:: Your task ::
Look below for the line that contains "Imagine slowly gliding" and the line that contains "法律英语词典app是一款英语", then restate both of them and every line in between, exactly. No picture goes in the copy.

:: Extracted information ::
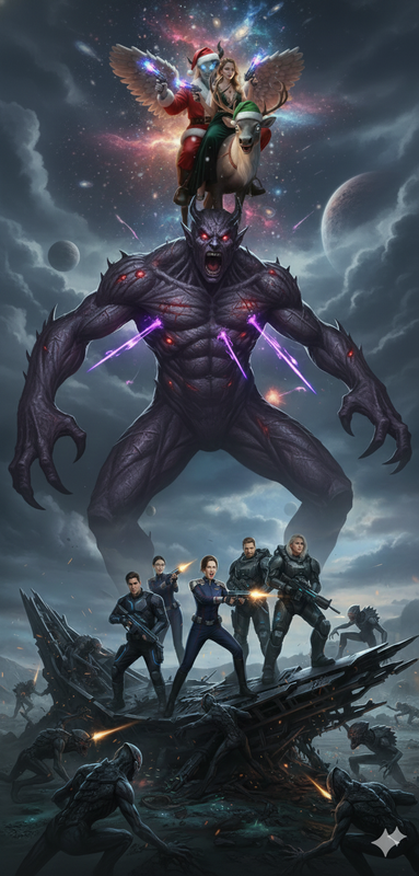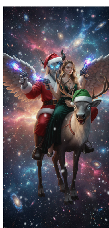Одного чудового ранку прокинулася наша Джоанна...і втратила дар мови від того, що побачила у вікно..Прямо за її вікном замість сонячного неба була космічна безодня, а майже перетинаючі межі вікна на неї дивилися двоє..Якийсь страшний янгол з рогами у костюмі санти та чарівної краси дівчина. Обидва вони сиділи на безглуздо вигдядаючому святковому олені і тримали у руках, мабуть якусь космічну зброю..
---
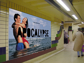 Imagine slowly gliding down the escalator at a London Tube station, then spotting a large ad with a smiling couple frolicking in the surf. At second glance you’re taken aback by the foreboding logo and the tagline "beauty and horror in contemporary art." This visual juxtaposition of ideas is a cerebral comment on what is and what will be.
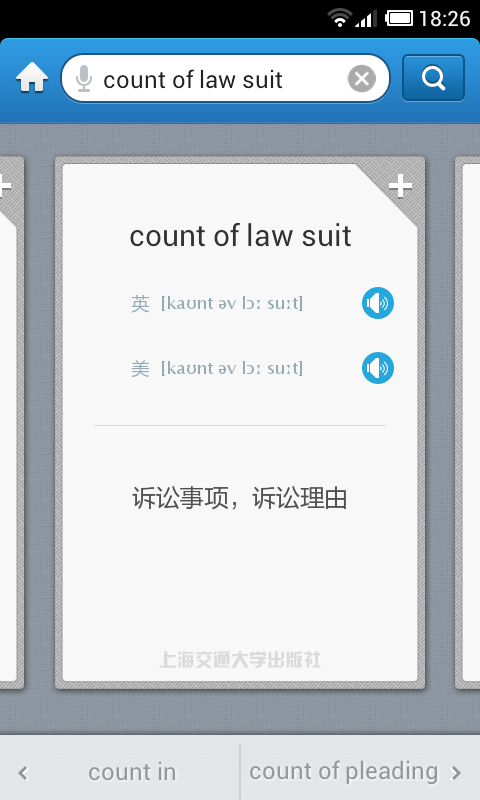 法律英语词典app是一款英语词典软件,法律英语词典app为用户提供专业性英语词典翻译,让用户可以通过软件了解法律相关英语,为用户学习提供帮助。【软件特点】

:: Answer space ::
 Imagine slowly gliding down the escalator at a London Tube station, then spotting a large ad with a smiling couple frolicking in the surf. At second glance you’re taken aback by the foreboding logo and the tagline "beauty and horror in contemporary art." This visual juxtaposition of ideas is a cerebral comment on what is and what will be.
 法律英语词典app是一款英语词典软件,法律英语词典app为用户提供专业性英语词典翻译,让用户可以通过软件了解法律相关英语,为用户学习提供帮助。【软件特点】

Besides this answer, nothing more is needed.